Beyond these universal truths, Sunday night was a moment for Denver’s Black community to keep their history alive.
Fard evoked America’s original sin, slavery, and how it set the stage for the country we live in today.
“Water is a friend to everything living, and we came over a long way. They say six million of our ancestors are buried at the bottom of the Atlantic, the ones that didn’t make it,” he said, as he ceremoniously poured droplets into a plant onstage. “We remember them and we say, ‘Ashé.'”
Ashé, for the uninitiated, means “be with us” or “amen.”
The struggles America’s Black residents have dealt with since many of their ancestors were forcibly brought here were present throughout the evening.
But the celebration was also a moment to recognize community members who have long stood for unity and self determination. Sims-Traylor placed knit scarves on the shoulders of people newly inducted into the “Circle of Wisdom,” the elders of her community.
And Yasmeen Nkrumah-Elie, who was onstage with the Intergenerational Women’s African Drum and Dance Ensemble, dedicated a warrior dance to someone close to her heart.
“We dedicate this dance to one of our newly inducted ancestors. Dr. Sharon Bailey,” she told the crowd, fighting back tears. “Dr. Bailey was one of our quiet storm freedom fighters. She fought and struggled on our behalf, in the halls of education, on the Denver School Board. In the Colorado Department of Education and in Denver Public Schools.”
Bailey, who died this month, wrote a scathing report on the racist infrastructure within Denver’s school system that held back both students and teachers of color. She was known as the district’s “moral compass” and, in this room, was a symbol of the community’s power.

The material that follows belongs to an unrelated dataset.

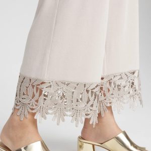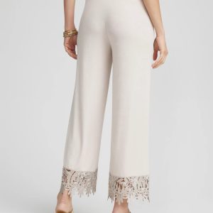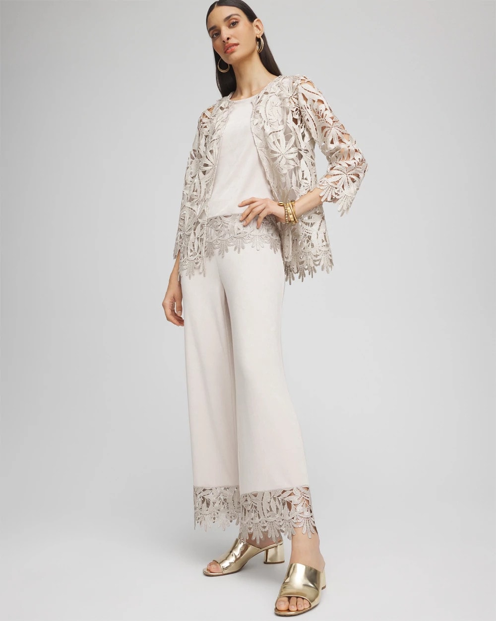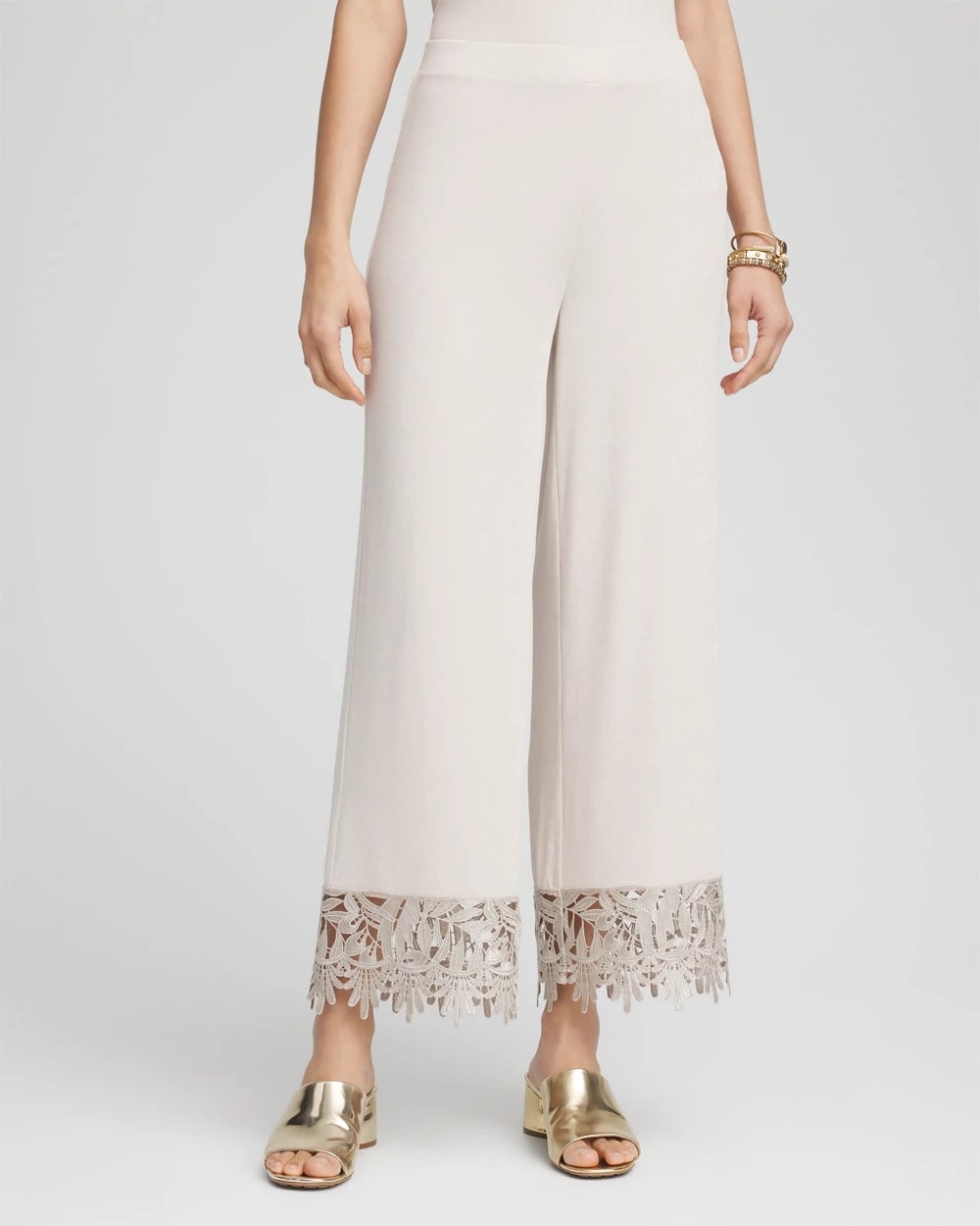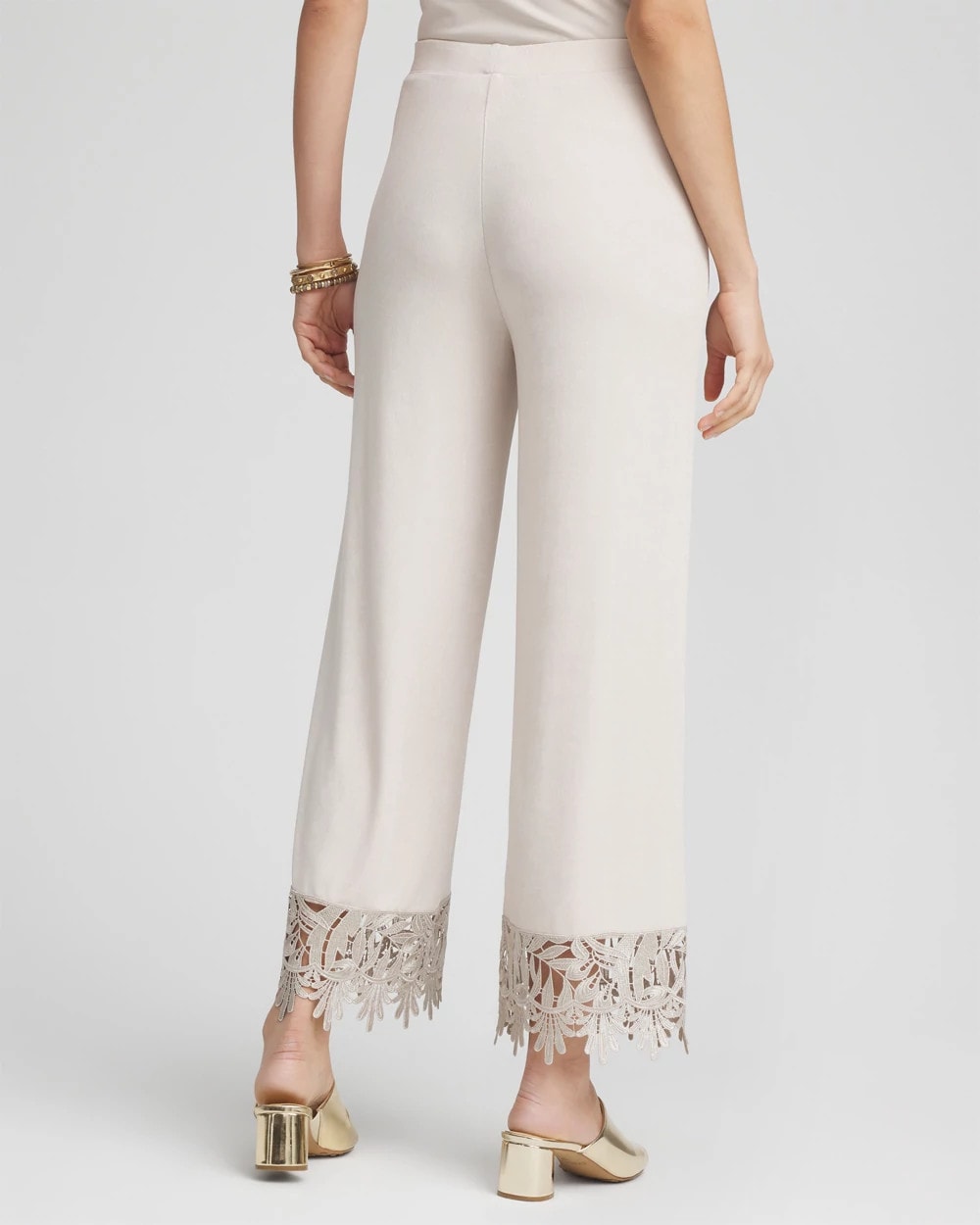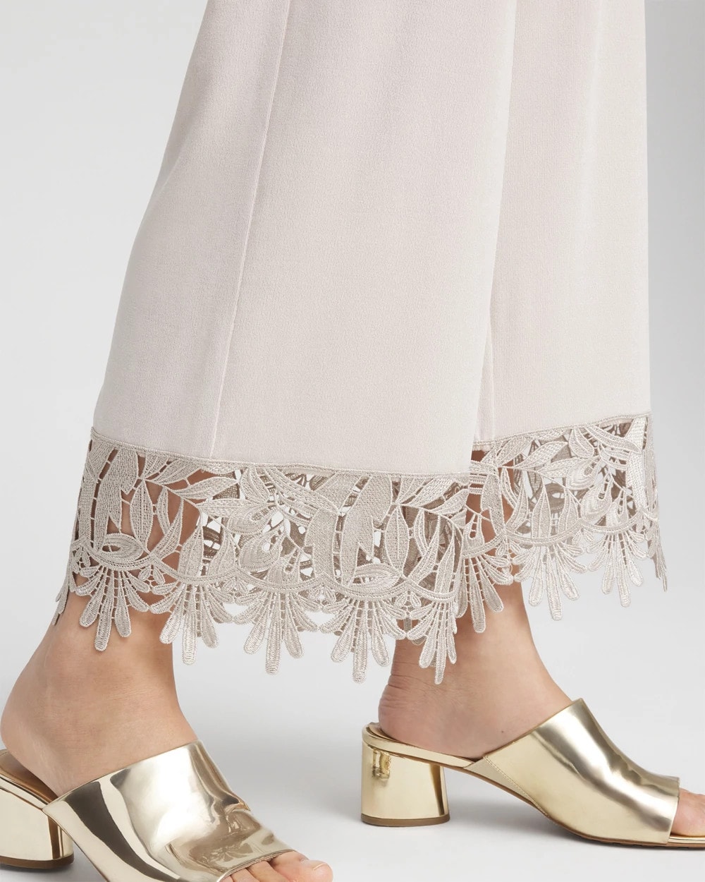 Our Petite Travelers™ Lace Trim Cropped Pants feature our wrinkle-resistant sustainable fabric. Designed in an elongating wide-leg silhouette with fashionable lace trim at the hems. They’re clean-lined, never wrinkle, and look flawless wherever you wear them. Complete the set when you pair them with our Travelers™ Collection Lace Jacket and Travelers™ Lace Trim Top.

As she spoke to the room filled with children and elders, Sims-Traylor reminded everyone they have the ability to harness that kind of influence.
“You can really create the environment that you want to see,” she said. “I really just want to be able to empower people and allow them to recognize that power is within and it is always there. We’re resilient. We know that. But let others know, too.”
Correction: “Ashé” was originally misspelled.